4. "RE: programmatically find eqns of tangent lines to 2 circles"
In response to message #0
 
   The following is an alternative method base on Analytical Geometry

I assume you can program to draw a straight line given its analytical equation, that it is easy just take two point belonging to the line for instance.
I also assume you have from the shelf an algorithm for solving a quadratic equation.

Now coming to the subject of tangents let us define the line as

x cosα+ y sinα – p = 0 ;(1)

Remember we must get two sets of values for cosα sinα and p, since there are two exterior tangents.

Expressing the distance of above line to the center of the circle A (Xa, Ya) being Ra its radius and the the distance of to above line to the center of the circle B (Xb, Yb) being Rb its radius , since they are tangents.

We get the two equations system (2) below. In this equations cosα and sinα are the unknowns and p is taking as a parameter


Xa cosα+ Ya sinα = Ra + p ;(2)
Xb cosα+ Yb sinα = Rb + p

And the always auxiliary equation (cosα)^2+ (sinα)^2 = 1 ;(3)

Solving by the Cramer’s Rule the system (2) we get


cosα = ((Ra + p) Yb - (Rb + p)Ya) / (XaYb-XbYa) ;(4)
sinα = ((Rb + p) Xa - (Ra + p)Xb) / (XaYb-XbYa)

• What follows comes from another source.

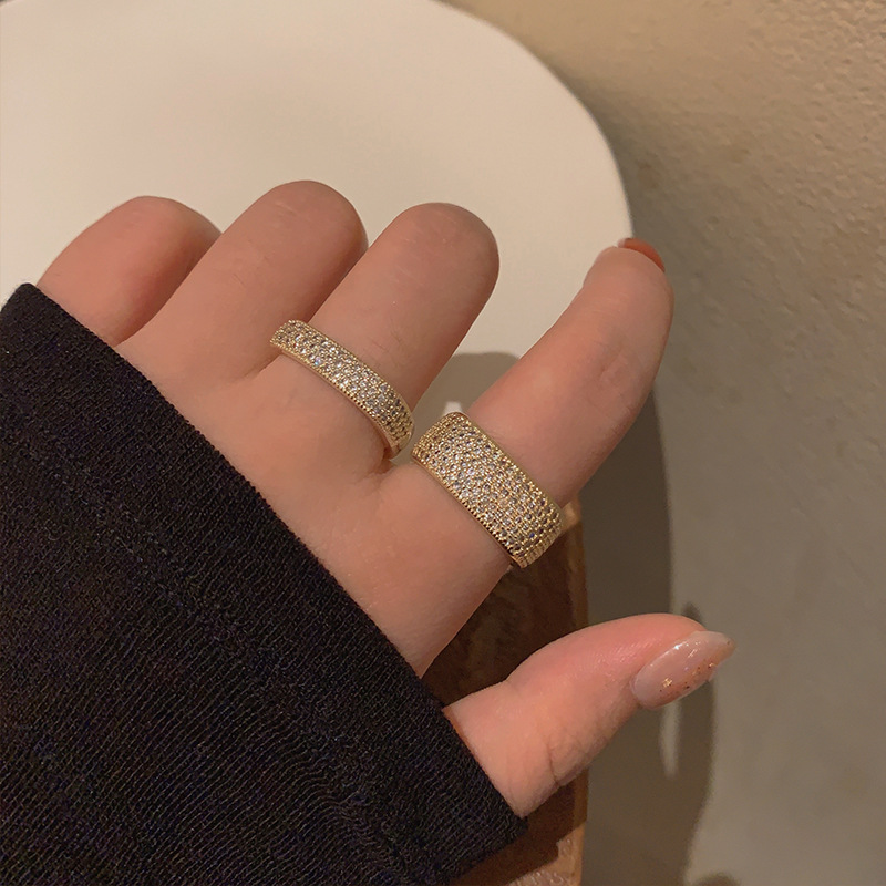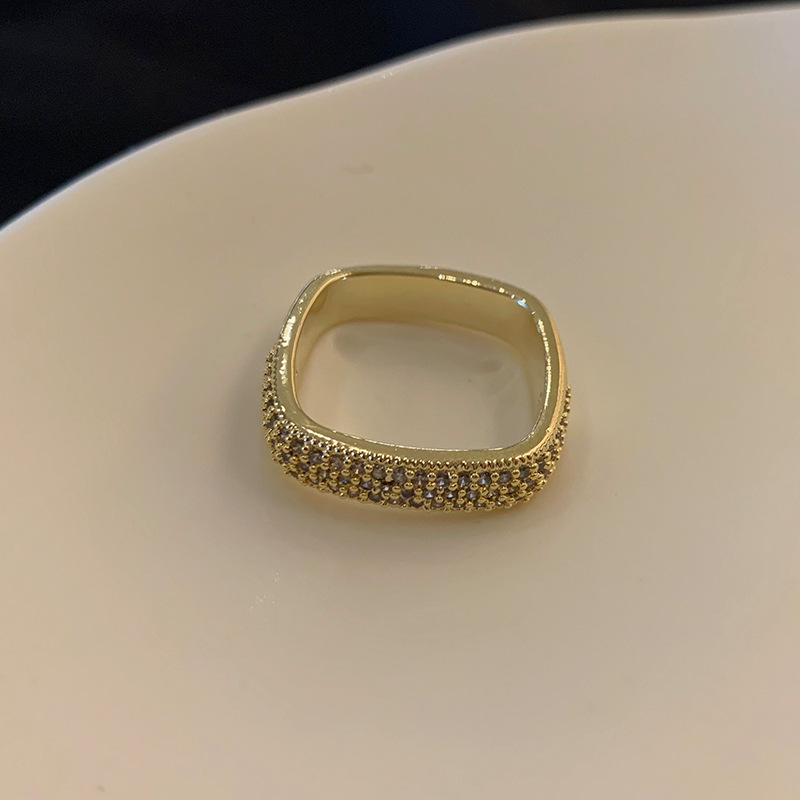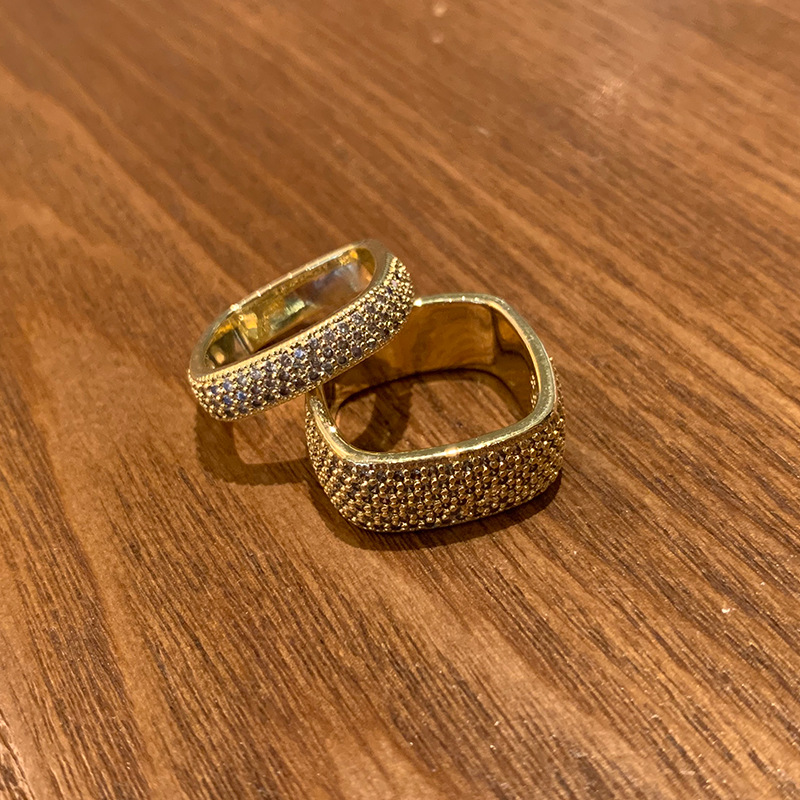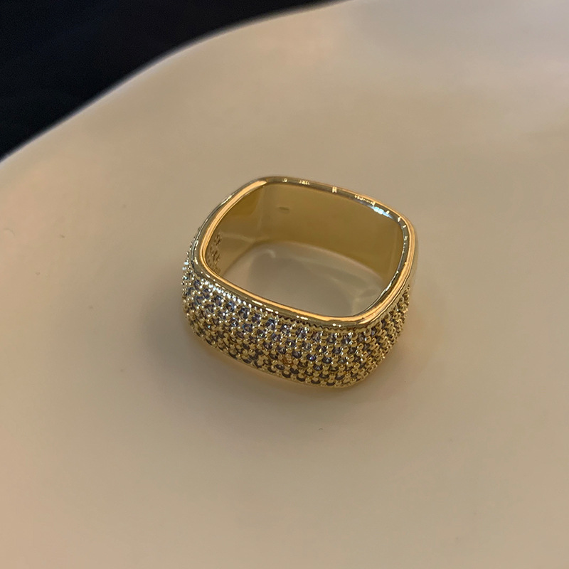 欧美夸张满钻方形戒指优雅气质轻奢宽版食指环小众设计高级感戒子
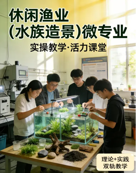 (3)培养模式:微专业基于水族造景产业现状和现代教育教学模式,实行“理论授课+实验室实操+企业实训”三段式培养。微专业课程学习不收取学分研读费,修完全部学分(5门课程共9学分),由学院审核,报学校教务处审定,发放证书。微专业所修学分可以抵消相应通识课程学分2分。

By substitution of cosα and sinα in the auxiliary equation (3) we get a quadratic equation in p which will render two values p1 and p2.
Again by substitution of p1 and p2 in (4) we will get two set of values for cosα and sinα .
Now plugging p1 an one set of cosα and sinα values in equation (1) we will get one tangent. We do same for p2 and the other set to obtain the other tangent.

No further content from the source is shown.